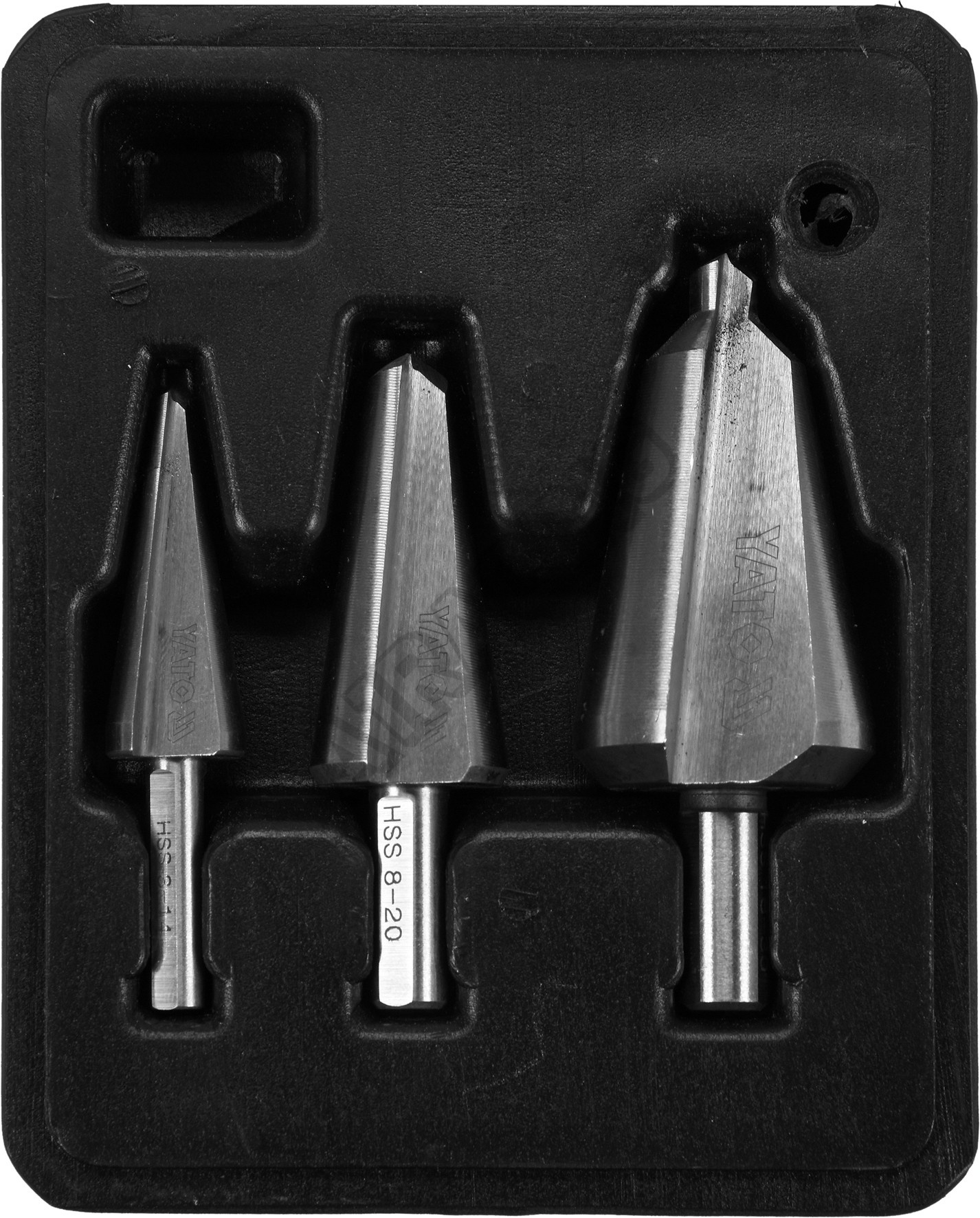 Sada 3 ks stupňovitých kuželových vrtáků na kov umožňující postupné vyvrtání více průměrů otvorů. Vr
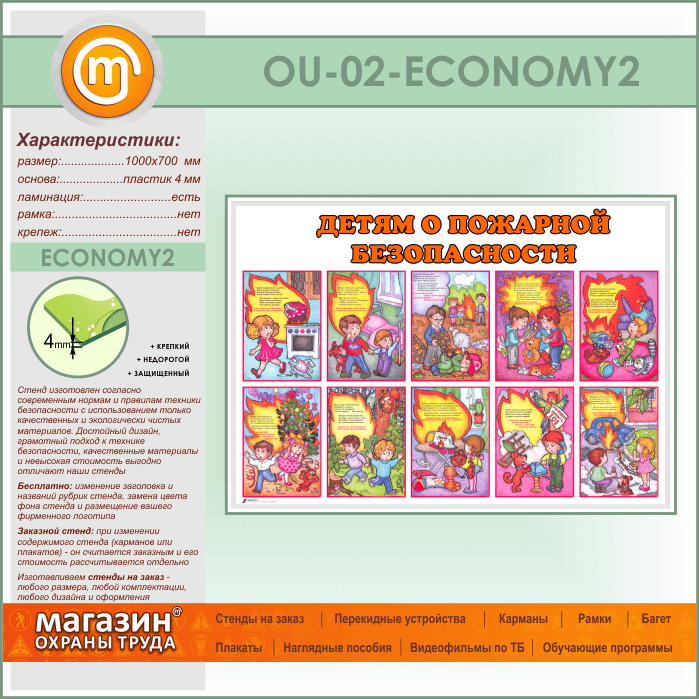 Стенд «Детям о пожарной безопасности» (OU-02-ECONOMY2) в Краснодаре купить
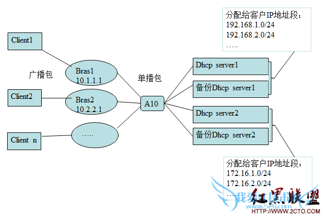 7. 同样道理,如果是Client2发出请求,则会通过Bras2来转发,根据规划,要由DHCP Server2来处理,重复以上的处理流程即可。
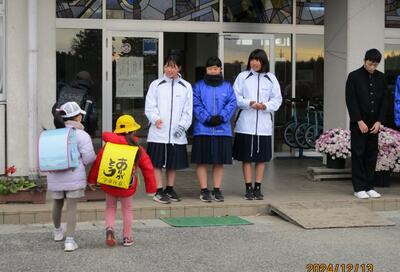 12月13日、金田南中学校の生徒の皆さんが本校に来てあいさつ運動を実施しました。たくさんの中学生が来校し、気持ちよい挨拶で出迎えてくださいました。帰りに、創立150周年記念で作成したまるぎょくんを見ていきました。

..........

▶ ACTIVITY
Word for word, print the material above, but without its pictures.

▶ ANSWER BOX
 Sada 3 ks stupňovitých kuželových vrtáků na kov umožňující postupné vyvrtání více průměrů otvorů. Vr
 Стенд «Детям о пожарной безопасности» (OU-02-ECONOMY2) в Краснодаре купить
 7. 同样道理,如果是Client2发出请求,则会通过Bras2来转发,根据规划,要由DHCP Server2来处理,重复以上的处理流程即可。
 12月13日、金田南中学校の生徒の皆さんが本校に来てあいさつ運動を実施しました。たくさんの中学生が来校し、気持ちよい挨拶で出迎えてくださいました。帰りに、創立150周年記念で作成したまるぎょくんを見ていきました。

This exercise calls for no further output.